In a number of recent classification schemes, image patches, or fragments, are successfully used as informative features for object detection and classification. The fragments are typically chosen during a training stage, according to the amount of information they deliver about the class being recognized. To perform classification, the features are searched in the input images, followed by a decision stage based on the detected features. In the present work, we extend this approach by decomposing the fragments into sub-fragments in a hierarchical fashion. The presence of a fragment is then detected by the presence of its components. For example, a fragment depicting the eye region can be subdivided into sub-fragments depicting different eye parts, eyebrow etc., which are detected separately. A higher-level fragment can use different types of sub-features (e.g., different eyebrows), and allow a controlled amount of independent movement and other deformations of the sub-parts.

There are two motivations for such a hierarchical construction. The first is dealing with variability during the matching process: the same motivation that applies to the classification of complete objects by image fragments, applies also to the detection of object parts. As we will demonstrate, the decomposition by our method increases the amount of information delivered by the fragments, improves the detection rate, and increases the tolerance for local distortions and illumination changes. The second motivation comes from the structure of the primate visual system, in which objects are represented in a hierarchy of increasingly complex features, ranging from local oriented features in V1, to complex shapes and partial or complete object views at high visual areas.

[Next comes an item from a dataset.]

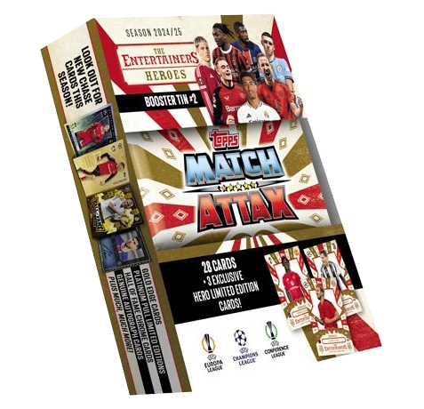 Match Attax ist das beliebteste Sammelkartenspiel von Topps, das sich auf die aufregendsten Momente der UEFA Champions League konzentriert. In der Saison 2024/2025 bringt Topps eine neue Reihe von Karten heraus, die aktuelle Stars sowie legendäre Spieler abbilden. Die Booster Tin2 / HEROES enthält eine sorgfältig zusammengestellte Auswahl an Karten, die sowohl für das Spiel als auch zum Sammeln geeignet sind.

I will describe an algorithm for automatically constructing a full feature hierarchy, which proceeds by learning from examples, in a top-down manner. The highest level, class-specific fragments, are extracted first, and then subdivided into simpler sub-fragments in a recursive manner. The decomposition at each level is performed by the application of the same algorithm, guided by the maximization of mutual information. The subdivision stops when the mutual information cannot be improved by further decomposition, producing a set of simple, atomic features. For different natural classes, the depth of the feature hierarchy is typically up to four levels. In addition to the decomposition of a feature into its sub-parts, the method also determines the optimal parameters, such as detection thresholds and the amount of allowed displacements of the sub-features. Finally, we demonstrate that fragments selected at the higher levels of the hierarchy are typically complex and class-specific, but the lower level fragments are simple, and often shared between different object classes.

3D Shape Recovery of Smooth Surfaces: Dropping the Fixed Viewpoint Assumption

Yael Moses and Ilan Shimshoni – IDC and Haifa

We present a new method for recovering the 3D shape of a featureless smooth surface from three or more calibrated images. The main contribution of this paper is the ability to handle general images which are taken from unconstrained viewpoints and unconstrained illumination directions. To the best of our knowledge, no other method is currently capable of handling such images, since correspondence between such images is hard to compute. Our method combines geometric and photometric information in order to recover a dense correspondence between the images and successfully computes an accurate 3D shape of the surface. The method is based on a single pass and local computation and does not make use of global optimization over the whole surface. While we assume a Lambertian reflectance function, our method can be easily modified to handle more general reflectance models as long as it is possible to recover local normals from photometric information.